Will Democrats Win the Turnout War?

(Christopher Millette/Erie Times-News via AP)

Shirley Brozell holds a sign near a voter-registration booth in Erie, Pennsylvania, on National Vote Registration Day, September 25, 2018.

Midterm elections for the House are usually major defeats for the party of a newly elected incumbent president, and that bodes poorly for Trump and the Republicans, right? Well, sort of. But there are lots of crosscurrents that could swamp this basic rule of American politics.

For starters, Trump is no ordinary Republican president. He is unpopular in the country as a whole, but wildly popular among his base. More than most presidents, Trump is trying to turn the midterms into a referendum on himself.

Normally, that would be a dubious idea for a president whose popularity has never broken 50 percent. But it’s probably a smart idea for the Republicans this year, since it could spike the crucial variable of Republican turnout.

Turnout in midterms invariably falls relative to presidential elections. But it doesn’t fall uniformly. Other things being equal, Republicans tend to vote in midterms at higher percentages than Democrats.

That’s why the recent Democratic losses in a new president’s first midterm elections have been absolute blowouts—they lost 63 seats in 2010 under Obama and 52 seats in 1994 under Clinton—while in 2006, the sixth year of an increasingly unpopular Bush presidency, the GOP lost a relatively mild 30 seats. In 2002, in Bush’s first midterm, thanks to his use of the attacks of September 11 to rally the flag, Republicans actually gained eight seats.

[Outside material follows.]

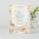 Designed especially for bridal shower invitations, this design communicates the event in an elegant and visually appealing way, reflecting a carefully curated and romantic style. The texts and back of the card are in gold and yellow tones, creating a cohesive and sophisticated look that complements the main illustration. Its ornamental and vintage style makes it perfect for daytime events, outdoor brunches, or intimate celebrations where elegance and delicacy are essential.

Here is one statistic that should chill Democrats: In the 2014 midterms, according to political scientist Andrew Hacker, just under 36 million Democrats turned out to vote in the House elections. That was a drop of more than 33 million from the 2012 presidential election when Barack Obama was re-elected.

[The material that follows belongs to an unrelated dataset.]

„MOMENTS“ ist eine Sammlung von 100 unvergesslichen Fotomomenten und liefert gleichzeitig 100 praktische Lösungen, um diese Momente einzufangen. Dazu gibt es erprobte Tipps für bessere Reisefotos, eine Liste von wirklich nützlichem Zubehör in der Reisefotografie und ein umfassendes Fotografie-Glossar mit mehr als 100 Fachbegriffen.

By contrast, more than 40 million Republicans showed up that year to vote for House seats, a drop of just 22 million from the presidential year of 2016. That was 11 million fewer stay-at-home Republican voters than their Democratic counterparts.

If the Democratic and Republican fall-off in 2014 from 2012 had been roughly the same, Democrats would have gained House seats. In fact, they lost 13 seats.

Why do Democrats tend to stay home in greater numbers in midterms than Republicans? One reason is that presidential years, especially when the candidate is a galvanizing figure like Barack Obama, tend to attract voters from demographic groups who are more loosely attached to the electorate, such as young, black, and Latino voters. Those voters tend to drop off in midterms.

So the $64 million question for 2018 is whose core voters will turn out in greater numbers—the hard-core Trump voters, or liberal voters, especially women, minorities, and young people, appalled by everything Trump stands for, most recently the party-line vote to confirm Brett Kavanaugh for the Supreme Court and the appalling treatment of Dr. Christine Blasey Ford.

Depending almost on the day of the week, there appears to be good news or bad news for either side. Since the Kavanaugh confirmation, Trump has been appearing at rallies, doubling down on his tactics. Trump’s overall ratings have improved, to a high of 47 percent.

On the other hand, this may not translate into advantage on Election Day. The authoritative and usually accurate site FiveThirtyEight now gives the Democrats an 85 percent chance of taking back the House, up significantly since the Kavanaugh confirmation.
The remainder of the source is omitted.